Geser ke Ducati Tidak Bagus untuk Mental Fabio Quartararo

Posted on

 

Manager pribadi Fabio Quartararo, Eric Mahe, mengatakan jika bertahan di Yamaha serta tidak geser pabrikan, dapat memberi efek positif buat psikis serta mental client-nya di MotoGP 2021. Ini dia berikan dalam wawancaranya dengan GPOne, pada Kamis (14/5/2020).

Terakhir, Mahe banjir pujian sebab sukses menolong El Diablo memperoleh YZR-M1 spesifikasi pabrikan paling baru untuk 2020, dan memperoleh kontrak Yamaha berdurasi 2 tahun untuk Quartararo di Monster Energy Yamaha, untuk alternatif Valentino Rossi, pada 2021 serta 2022.

“Taktik fundamen kami ialah menanti, sebab Fabio sedang bertumbuh. Jadi akan bodoh bila tanda-tangan kontrak pada September (2019). Awalannya, saya menggerakkan Yamaha untuk sediakan motor pabrikan untuk 2020 sebab kami memerlukannya untuk menang, ” tutur Mahe.

Taktik Penting: Tidak Geser Pabrikan

Mahe menyebutkan negosiasi di antara Quartararo, serta Yamaha sudah berjalan semenjak November 2019, serta pada akhirnya ke-2 faksi capai persetujuan yang dipublikasikan di akhir Januari kemarin. Mahe mengatakan jika dia benar-benar berusaha supaya Quartararo tidak jatuh ke naungan team lain.

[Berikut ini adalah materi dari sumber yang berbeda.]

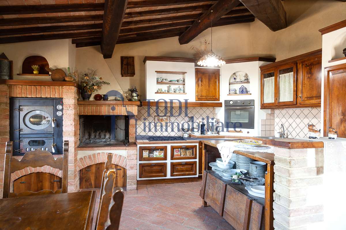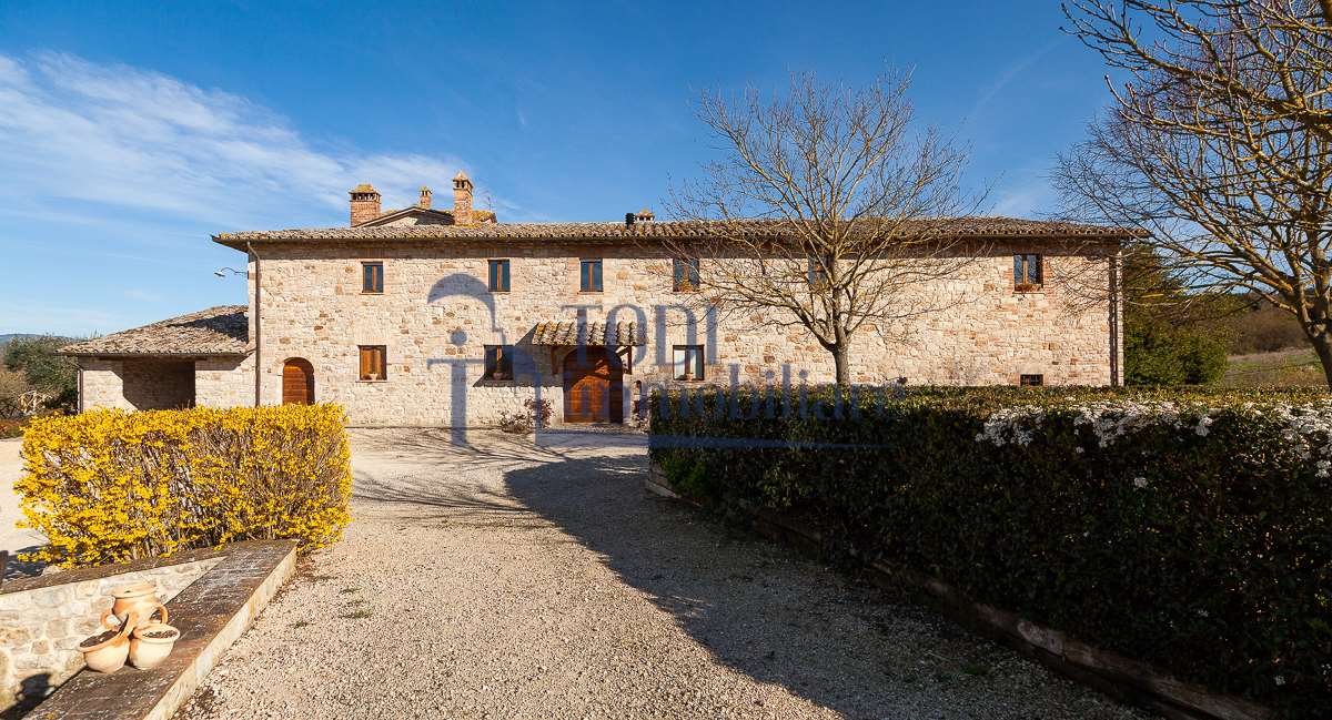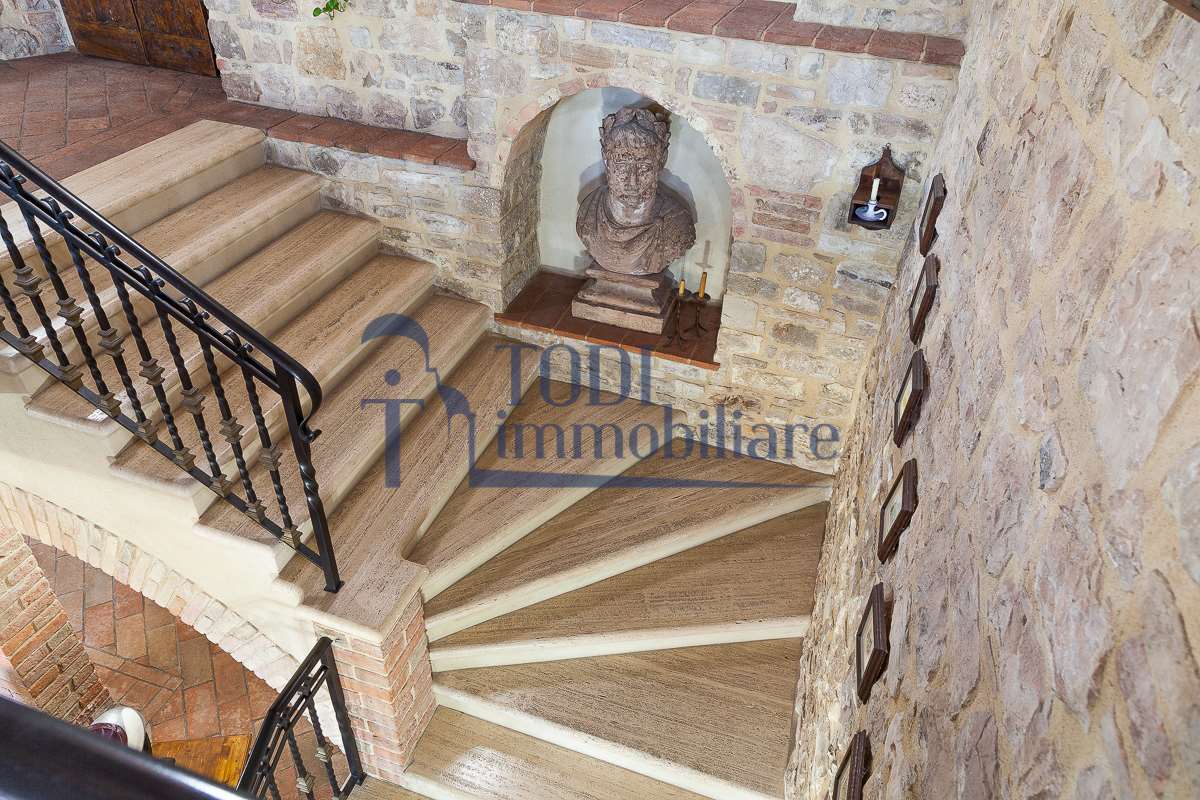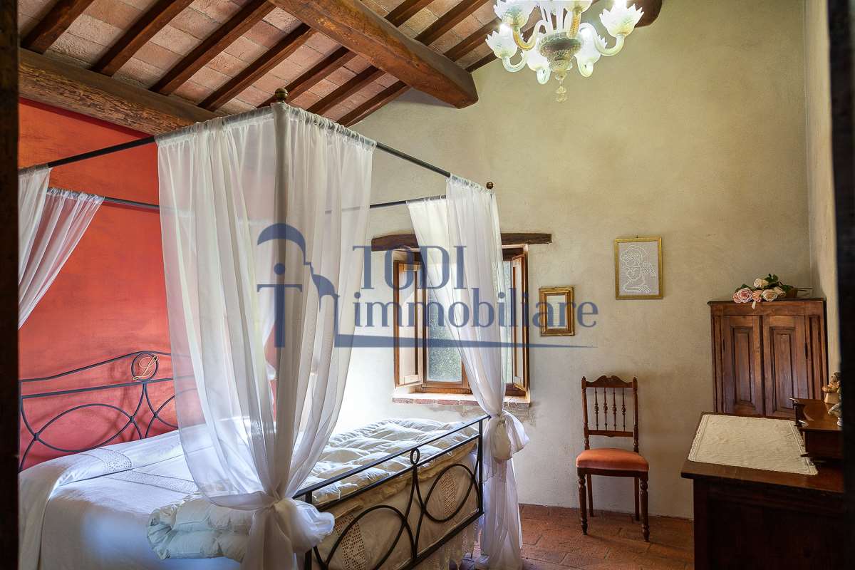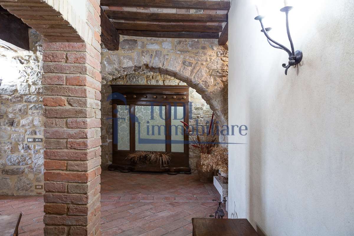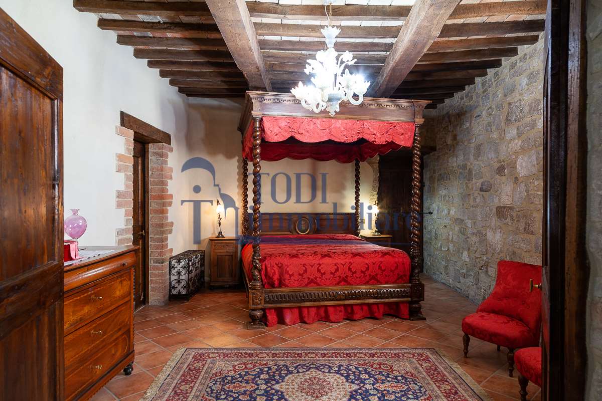 Nella meravigliosa campagna di Todi, sorge un antico casale di circa 560 mq dal fascino senza tempo. La proprietà che anticamente era un castello chiamato \"Lo Scacciatoro\", risale al 1200, la struttura, oltre ad avere un grande valore storico e culturale è stata finemente e sapientemente ristrutturata negli anni 2000, mantenendo intatte tutte le caratteristiche del vecchio casale. L\'esterno in pietra a faccia vista si fonde perfettamente con il verde della natura circostante, mentre all\'interno oltre a trovare sempre pareti realizzate in pietra troviamo solai realizzati con travi in legno, travetti e pianelle, mentre i pavimenti sono stati realizzati in cotto fatto a mano, il tutto crea un\'atmosfera calda e accogliente. Attualmente, la proprietà si compone di 340 mq di superficie abitativa disposta su due livelli; al piano terra troviamo un bellissimo ingresso, una camera con bagno, una lavanderia, una sala hobby e tre garage; una bellissima scala realizzata con gradini in travertino ci conduce al piano primo, dove troviamo un bellissimo doppio salone con camino, un’area relax, una cucina abitabile, due bagni uno a servizio della zona giorno e uno della zona notte, due camere matrimoniali ed un ripostiglio. L’ulteriore superficie abitativa di 220 mq è stata ristrutturata esternamente, mentre internamente è allo stato grezzo quindi con la possibilità di personalizzarli a proprio piacimento, dando sfogo al proprio gusto. Completa la proprietà un annesso si circa 40 mq, disposto su un unico livello dove troviamo un fondo e una tettoia. Il terreno che circonda la casa è vasto e offre la possibilità di godere della bellezza della natura, con boschi, tartufaia e campi coltivati che si estendono per ben 8 ettari, offrendo ampi spazi verdi e una vista mozzafiato sulla campagna umbra e sulla bellissima citta di Todi. La strada di accesso, privata e immersa nel bosco, garantisce la massima privacy e tranquillità. Possibilità di realizzare una piscina. La Proprietà dista circa 7 km dalla splendida città di Todi. Questo casale è l\'ideale per chi cerca un\'oasi di pace e tranquillità. Todi si trova in posizione centrale rispetto a: Perugia, Assisi, Lago Trasimeno, Spoleto, Orvieto, Terni, Narni, Amelia, Cascata delle Marmore, ecc; raggiungibili in meno di mezz\'ora d\'auto, tramite la Superstrada E45. Da Todi c\'è un servizio Pullman giornaliero da e per Roma e aeroporto di Fiumicino. L\'aeroporto internazionale Umbro di Perugia \"San Francesco\" dista solo 45 km Roma dista 130 Km - Firenze 190 Km.\nRestiamo a disposizione per ulteriori informazioni e/o per fissare un appuntamento.

“Kami bersabar serta pada akhirnya capai persetujuan yang termasuk juga peralihan ke team pabrikan pada 2021 serta 2022 selesai dua bulan usaha keras. Taktik kami ialah tidak geser pabrikan, tetapi menanti peristiwa yang pas untuk mengambil ketetapan. Kami juga benar-benar senang berdasar hasil ini bersama-sama Yamaha, ” katanya.

Turuti Perkembangan Alami, Tidak Perlu ke Ducati

Mahe tidak mengingkari ada minat Ducati pada Quartararo, walau menyebutkan jika negosiasi mereka tidak sampai ke step serius. “Kami bicara dengan Ducati, tetapi tidak ada penawaran nyata, ” papar pria yang manager pribadi Loris Baz ini.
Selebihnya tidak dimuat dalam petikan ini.